◆ **What you need to do**: Exact copy, no pictures: repeat the data that follows.

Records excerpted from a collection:
[Start of section]

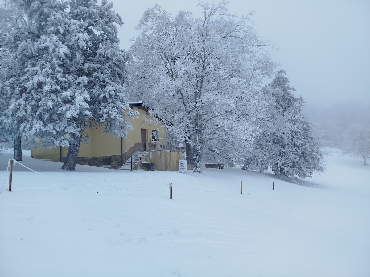 🌲 El Chalet Monte Alago es la única casa en la montaña, un refugio aislado inmerso en el parque, directamente en los prados a una altitud de unos 1000 metros, rodeado de bosques y naturaleza virgen. En los meses de invierno (enero, febrero y marzo) la nieve es frecuente: unas verdaderas vacaciones en la nieve hechas de silencio, aire limpio y naturaleza. Aquí no hay vecinos ni ruido: solo privacidad total y contacto directo con la montaña. Ideal para parejas, familias y grupos pequeños de amigos.
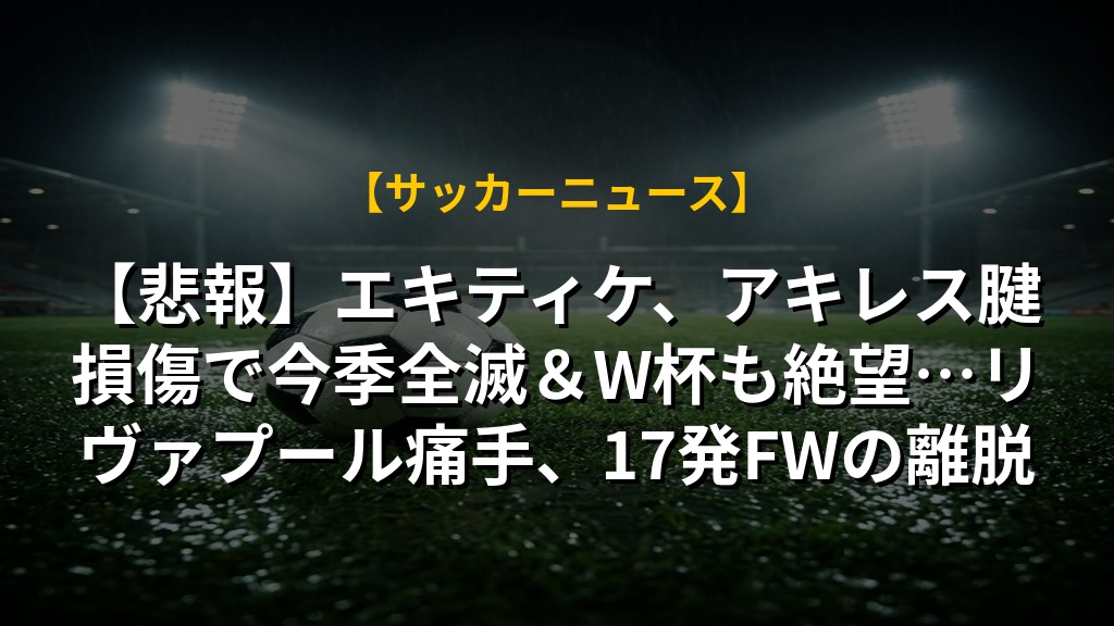 リヴァプールのエキティケ選手が、PSG戦での怪我により今シーズン残り、そしてワールドカップ出場が絶望となりました。チームトップスコアラーの離脱は、チャンピオンズリーグ出場権争いにおいて大きな痛手です。
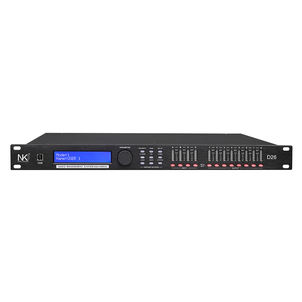4. 每路输入通道均设有增益、相位、延时、静音的功能及每路输出通道均设有增益、相位、分频、压限、静音、延时的功能;
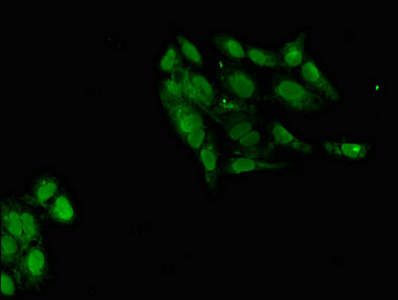 Immunofluorescent analysis of Hela cells using CSB-PA868326LA01HU at dilution of 1:100 and Alexa Fluor 488-congugated AffiniPure Goat Anti-Rabbit IgG(H+L)
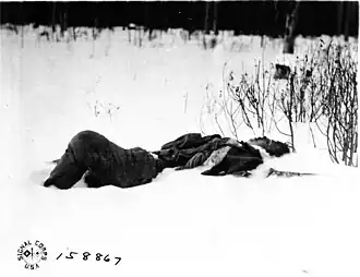 ![]() A Workers' and Peasants' Red Army soldier that was killed during an attempted flank attack on Allied positions along the Obozerskaya road at Verst 16. April 8, 1919 | |||||||
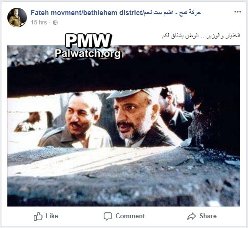 Posted text: “The Elder [Yasser Arafat] and [Khalil] Al-Wazir – the homeland misses you”
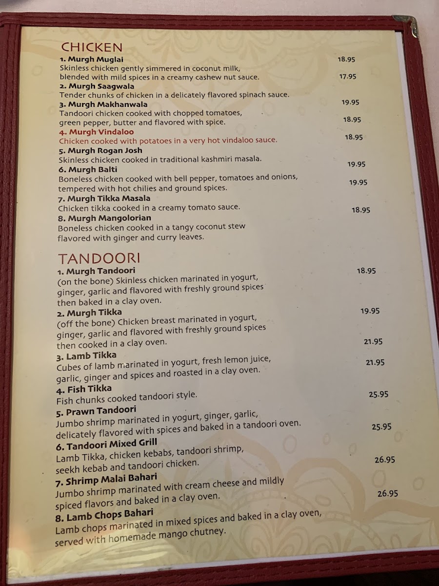 Priced per person. Served with samosa (1), aloo gobi, chana masala, and tandoori roti.
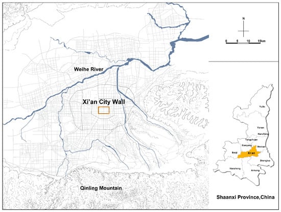 Located in the north-western region of China, Xi’an is near the centre of the Chinese territory. Straddling the banks of the Wei River in the central part of the Guanzhong Plain, the city has evolved over thousands of years. The urban layout of XCW before modernization was formed on the basis of the Sui-Tang imperial capital built in 582 B.C. After the Tang Dynasty (618–907 B.C.), the capital Chang’an was severely destroyed repeatedly. The then military governor, Han Jian, rebuilt the city on the foundation of the original imperial city. In 1370 B.C. (in Ming Dynasty), XCW was extended 1435 meters eastward, and further enlarged 864 meters northward three years later. According to archaeological surveys, the perimeter of XCW reached 13.73 kilometres after the completion of its urban expansion in 1378 B.C. [50]. Since then, the basic structure and scale of XCW were established. During 1781 and 1784 of the Qing Dynasty (A.D. 1636–1912), the then governor, Bi Yuan, comprehensively reinforced and repaired XCW and dredged the adjacent moat [51]. From that time, XCW took its initial shape to constitute a defence fortification with a moat, drawbridges, watchtowers, corner towers, parapet walls, gate towers, and inner loops, i.e., the present site of XCW (Figure 2).
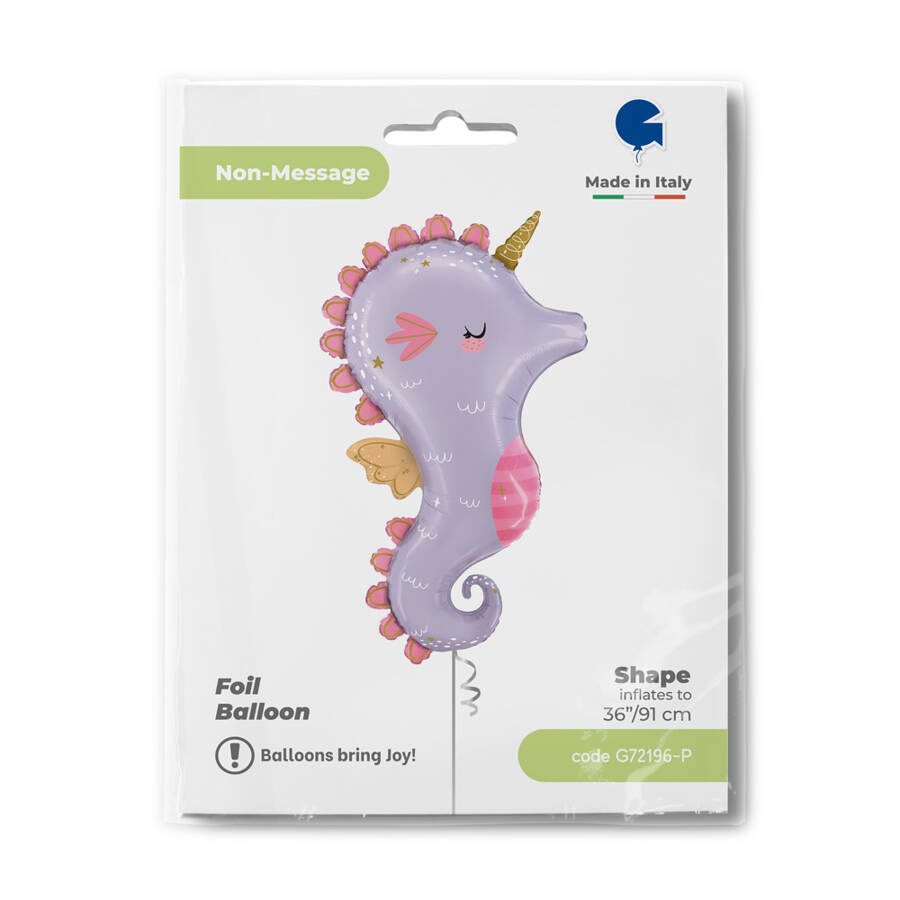 Balon można napełnić powietrzem lub helem, aby uzyskać unoszącą się dekorację, która idealnie sprawdzi się zarówno w pomieszczeniach, jak i na świeżym powietrzu. Dzięki realistycznemu odwzorowaniu konika morskiego i efektownym fioletowym odcieniom, stanie się wyjątkową ozdobą każdej aranżacji.
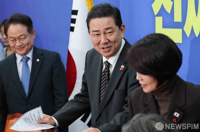 [서울=뉴스핌] 윤창빈 기자 = 김병기 더불어민주당 원내대표가 16일 서울 여의도 국회에서 열린 원내대책회의에 참석하고 있다. 2025.12.16 pangbin@newspim.com
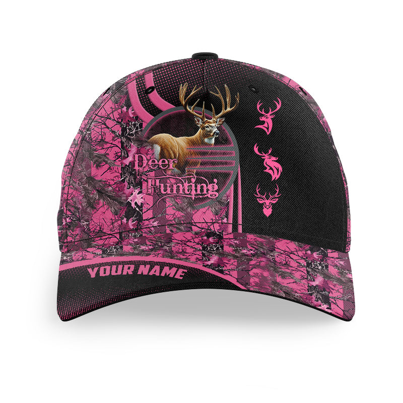 Custom Name Deer hunting Pink camo Hat Adjustable Unisex Hunting Baseball hat FSD3139
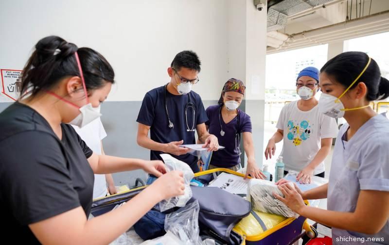 新加坡医疗前线的除了医护人员,还有“兵哥哥”。
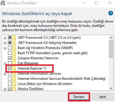 Bilgisayar yeniden açıldığında Internet Explorer‘ı göremeyeceksiniz. Tekrar etkin hale getirmek için, işlemlerin tersini yapabilirsiniz.
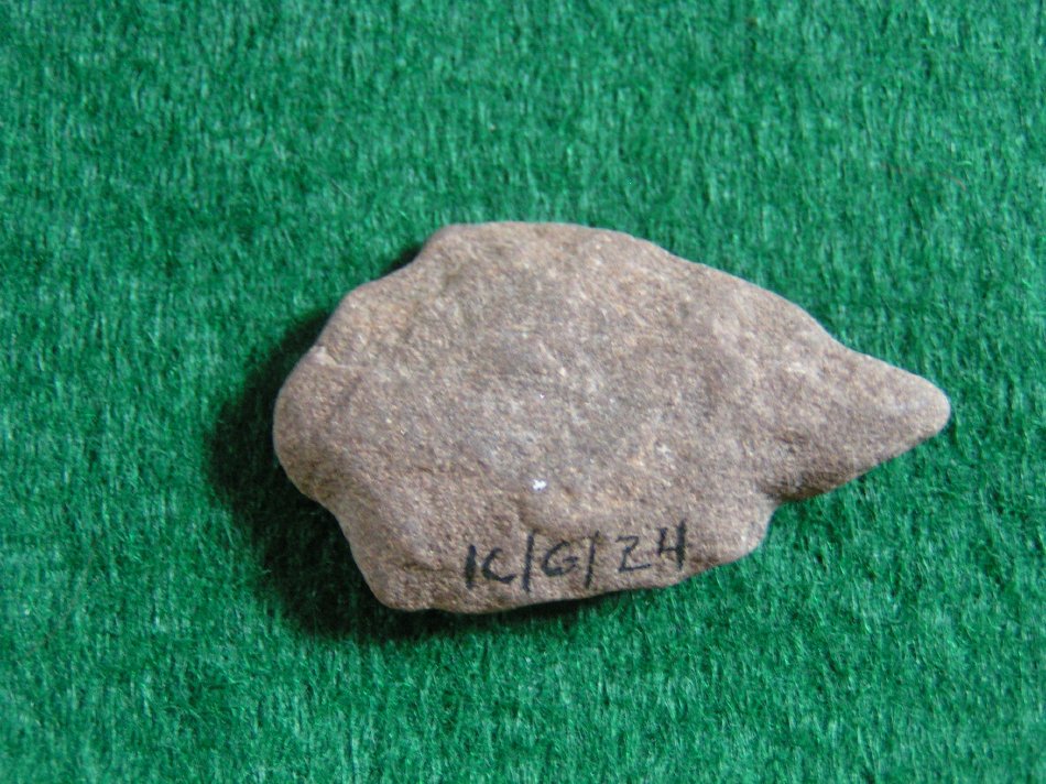 Blade generally ovoid in outline with excurvate edges. Broad lobate stem. Fairly thick and flat in cross–section.
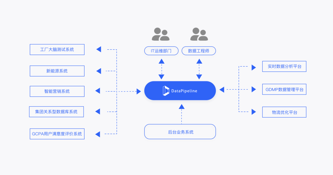 客户需要将分布于工厂大脑测试系统、新能源系统、智能营销系统、集团关系型数据库系统、用户满意度评价系统等的数据高效提供到数据管理、实时分析、物流优化等平台,以提升生产运营及企业管理的效率及质量。采用基于日志的增量数据获取等技术,DataPipeline为吉利集团智能制造、智慧营销、客户服务等实时应用场景提供各类数据管理技术秒级延迟的实时数据采集与分发,打通了SQL Server、MySQL 5.7、Hive等数据库管理技术。
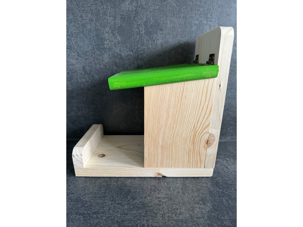 - Krmítko není, z ekologických důvodů, kromě střechy nijak ošetřeno. Případný nátěr ekologickou, vodou ředitelnou barvou je však možný a prodlouží životnost krmítka.
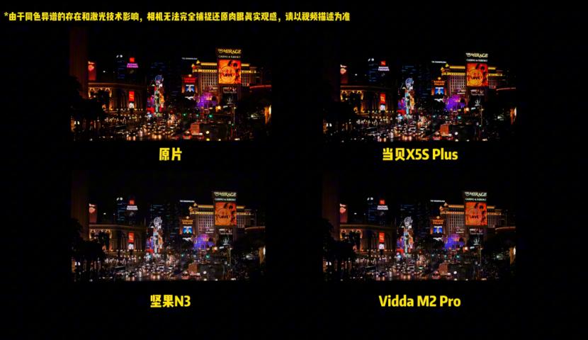 光源方面,当贝采用的是ALPD3.0双色激光,这项技术已经比较成熟了,特点就是亮度高,无散斑和色边。坚果和Vidda采用的则是纯三色激光,特点就是色域广,但是亮度受限,且存在天然的散斑和色边问题,目前还不能做到百分百的消除。
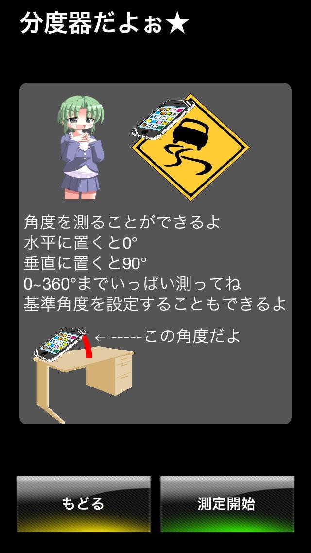 iPhoneを水平において0°、垂直において90°、0~360°ぐるっと測定できます。
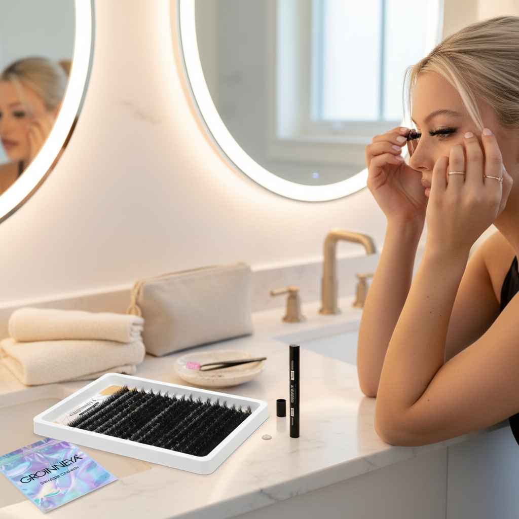 Nous recommandons une colle spéciale cluster lashes ou une colle pour extensions en bandes. Elle n'est pas incluse dans le kit mais est facilement disponible.

[End of section]

◆ **Answer to the problem**:
 🌲 El Chalet Monte Alago es la única casa en la montaña, un refugio aislado inmerso en el parque, directamente en los prados a una altitud de unos 1000 metros, rodeado de bosques y naturaleza virgen. En los meses de invierno (enero, febrero y marzo) la nieve es frecuente: unas verdaderas vacaciones en la nieve hechas de silencio, aire limpio y naturaleza. Aquí no hay vecinos ni ruido: solo privacidad total y contacto directo con la montaña. Ideal para parejas, familias y grupos pequeños de amigos.
 リヴァプールのエキティケ選手が、PSG戦での怪我により今シーズン残り、そしてワールドカップ出場が絶望となりました。チームトップスコアラーの離脱は、チャンピオンズリーグ出場権争いにおいて大きな痛手です。
4. 每路输入通道均设有增益、相位、延时、静音的功能及每路输出通道均设有增益、相位、分频、压限、静音、延时的功能;
 Immunofluorescent analysis of Hela cells using CSB-PA868326LA01HU at dilution of 1:100 and Alexa Fluor 488-congugated AffiniPure Goat Anti-Rabbit IgG(H+L)
 ![]() A Workers' and Peasants' Red Army soldier that was killed during an attempted flank attack on Allied positions along the Obozerskaya road at Verst 16. April 8, 1919 | |||||||
 Posted text: “The Elder [Yasser Arafat] and [Khalil] Al-Wazir – the homeland misses you”
 Priced per person. Served with samosa (1), aloo gobi, chana masala, and tandoori roti.
 Located in the north-western region of China, Xi’an is near the centre of the Chinese territory. Straddling the banks of the Wei River in the central part of the Guanzhong Plain, the city has evolved over thousands of years. The urban layout of XCW before modernization was formed on the basis of the Sui-Tang imperial capital built in 582 B.C. After the Tang Dynasty (618–907 B.C.), the capital Chang’an was severely destroyed repeatedly. The then military governor, Han Jian, rebuilt the city on the foundation of the original imperial city. In 1370 B.C. (in Ming Dynasty), XCW was extended 1435 meters eastward, and further enlarged 864 meters northward three years later. According to archaeological surveys, the perimeter of XCW reached 13.73 kilometres after the completion of its urban expansion in 1378 B.C. [50]. Since then, the basic structure and scale of XCW were established. During 1781 and 1784 of the Qing Dynasty (A.D. 1636–1912), the then governor, Bi Yuan, comprehensively reinforced and repaired XCW and dredged the adjacent moat [51]. From that time, XCW took its initial shape to constitute a defence fortification with a moat, drawbridges, watchtowers, corner towers, parapet walls, gate towers, and inner loops, i.e., the present site of XCW (Figure 2).
 Balon można napełnić powietrzem lub helem, aby uzyskać unoszącą się dekorację, która idealnie sprawdzi się zarówno w pomieszczeniach, jak i na świeżym powietrzu. Dzięki realistycznemu odwzorowaniu konika morskiego i efektownym fioletowym odcieniom, stanie się wyjątkową ozdobą każdej aranżacji.
 [서울=뉴스핌] 윤창빈 기자 = 김병기 더불어민주당 원내대표가 16일 서울 여의도 국회에서 열린 원내대책회의에 참석하고 있다. 2025.12.16 pangbin@newspim.com
 Custom Name Deer hunting Pink camo Hat Adjustable Unisex Hunting Baseball hat FSD3139
 新加坡医疗前线的除了医护人员,还有“兵哥哥”。
 Bilgisayar yeniden açıldığında Internet Explorer‘ı göremeyeceksiniz. Tekrar etkin hale getirmek için, işlemlerin tersini yapabilirsiniz.
 Blade generally ovoid in outline with excurvate edges. Broad lobate stem. Fairly thick and flat in cross–section.
 客户需要将分布于工厂大脑测试系统、新能源系统、智能营销系统、集团关系型数据库系统、用户满意度评价系统等的数据高效提供到数据管理、实时分析、物流优化等平台,以提升生产运营及企业管理的效率及质量。采用基于日志的增量数据获取等技术,DataPipeline为吉利集团智能制造、智慧营销、客户服务等实时应用场景提供各类数据管理技术秒级延迟的实时数据采集与分发,打通了SQL Server、MySQL 5.7、Hive等数据库管理技术。
 - Krmítko není, z ekologických důvodů, kromě střechy nijak ošetřeno. Případný nátěr ekologickou, vodou ředitelnou barvou je však možný a prodlouží životnost krmítka.
 光源方面,当贝采用的是ALPD3.0双色激光,这项技术已经比较成熟了,特点就是亮度高,无散斑和色边。坚果和Vidda采用的则是纯三色激光,特点就是色域广,但是亮度受限,且存在天然的散斑和色边问题,目前还不能做到百分百的消除。
 iPhoneを水平において0°、垂直において90°、0~360°ぐるっと測定できます。
 Nous recommandons une colle spéciale cluster lashes ou une colle pour extensions en bandes. Elle n'est pas incluse dans le kit mais est facilement disponible.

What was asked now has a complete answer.